Autobiografia inédita de Dirce Machado
Momentos marcantes da dirigente de Trombas e Formoso
(Enviado pelo correspondente do Jornal Poder Popular em Goiânia – Goiás)
Dirce era apenas uma jovem camponesa com pouco mais de 12 anos, quando recebeu uma importante tarefa do fazendeiro, patrão de seu pai: queimar livros. Aquela criança, que tanto queria aprender mas que não tinha acesso a praticamente nenhum material de estudo, ficou horrorizada, mas foi convencida a realizar a queima: o homem que vendeu os livros era procurado pela polícia.
Enquanto queimava os livros, Dirce se deparou com um volume de capa bonita que chamou sua atenção. “O cavaleiro da esperança”, escrito por Jorge Amado. Maravilhada, resolveu separa-lo para ler escondido. Todas as noites ia até o paiol onde estava guardado e, acompanhada de uma lamparina, lia até o galo cantar, quando voltava para casa e fingia estar dormindo.
Certo dia, um homem que morava na região apareceu na porta da fazenda, onde Dirce e sua irmã brincavam. Ele carregava um jornal, no qual ela conseguiu ler o nome: “Terra Livre”. O homem, que atendia por Antônio Cicici, lhe entregou uma edição, e ao olhar a capa a jovem sentiu suas pernas bambearem: o jornal estava convidando a população para comemorar o aniversário de Luís Carlos Prestes, a personagem principal do livro que Dirce acabara de ler. Aquela história que tanto a havia emocionado, era de uma pessoa real! Sentindo seu corpo amolecer, a jovem desmaiou, deixando Antônio Cicici intrigado por saber como aquela menina conhecia Prestes.
Dias depois, Antônio e mais um grupo de pessoas saiu de um matagal próximo da casa de Dirce. Precisavam de abrigo, pois estavam se reunindo quando a polícia invadiu o lugar.

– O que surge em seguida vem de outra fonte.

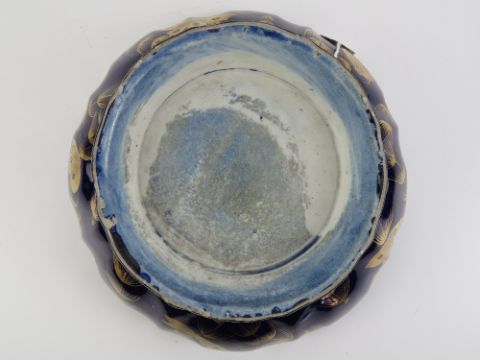 A 19th century cobalt blue and gilded pedestal bowl having floral decoration throughout, unglazed to base, 28cm dia.
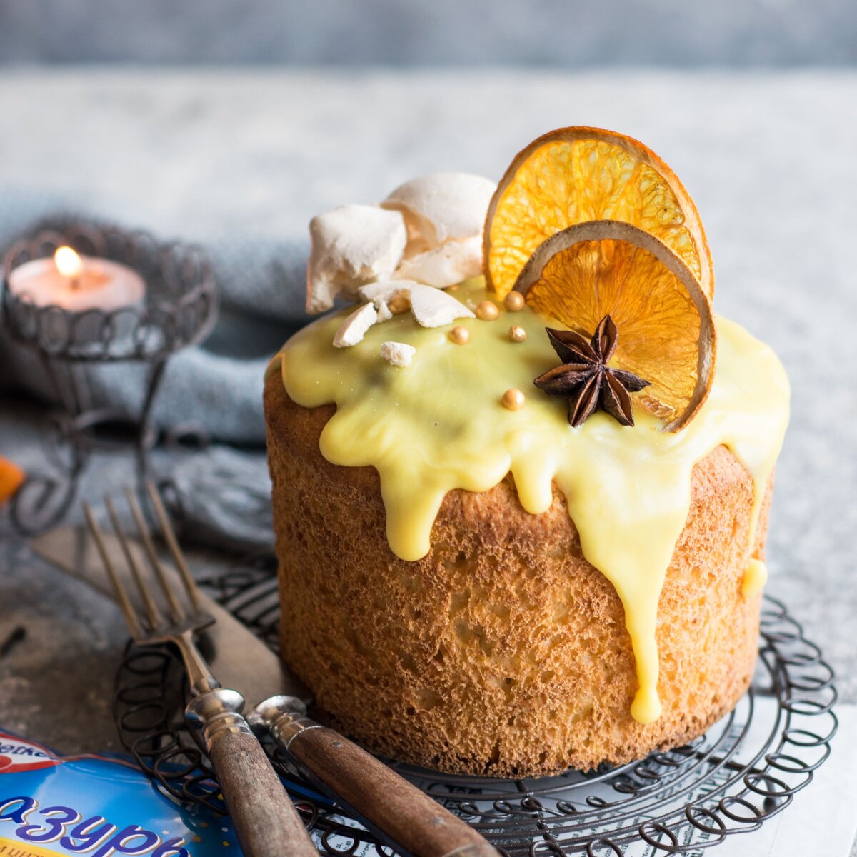 Готовьте куличи с любовью и ингредиентами Dr. Oetker. Апельсиновый декор • Покрываем кулич Глазурью со вкусом цитрусовых:

Eram os tais comunistas.
A versão completa dessa história é o preâmbulo de livro recém lançado pela editora Lutas Anticapital: Dirce Machado, a saga de uma camponesa da luta de Trombas e Formoso, que conta as memórias autobiográficas da militante comunista dirigente da Guerrilha de Trombas e Formoso, uma das principais referências de luta armada e Poder Popular que já ocorreram no país.
Organizado pelo educador popular Guilherme Martins e os historiadores Paulo Winicius Teixeira de Paula e Paulo Ribeiro Cunha, com textos do geógrafo Horieste Gomes, da professora de Direito Helga Martins e do historiador Claudio Maia, o livro narra a trajetória de vida contada pela própria Dirce. Com relatos impactantes, podemos verificar nas 240 páginas a vivacidade, determinação e abnegação da militante comunista, que passou a integrar as fileiras do Partido aos 13 anos de idade, após ser expulsa da fazenda onde morava por “ser comunista”.
Camponesa de nascimento, educadora popular por vocação, parteira por sua enorme solidariedade, exímia atiradora por necessidade e vereadora eleita por dois mandatos na década de 80, hoje com 89 anos, Dirce se mantém como referência na luta social e política no Brasil. Tendo enfrentado incríveis dificuldades em sua atuação militante, como as terríveis torturas durante a ditadura Militar Empresarial iniciada em 1964, mas nunca perdendo o bom humor e a confiança em seus camaradas e nas lutas participava, Dirce sempre defende que “a moeda que o capitalismo não conhece e nós forjamos, é a solidariedade”, e sua trajetória está aí para comprovar essa afirmação.
Ao lado de seu companheiro, José Ribeiro, e também de Declieux Crispim, Colombina Baiocci, Sebastião Bailão, Geraldo Tibúrcio, João Soares (Suarão) e Geraldo Aureliano militantes do PCB, teve uma atuação política de base que culminou no movimento camponês que infligiu uma derrota marcante para o Latifúndio no Brasil.
O livro “Dirce Machado, a saga de uma camponesa da luta de Trombas e Formoso”, tem lançamento marcado para o dia 15 de dezembro, no Museu da Imagem e Som em Goiânia, a partir das 19h. Também é possível adquiri-lo através do site da editora (lutasanticapital.com.br).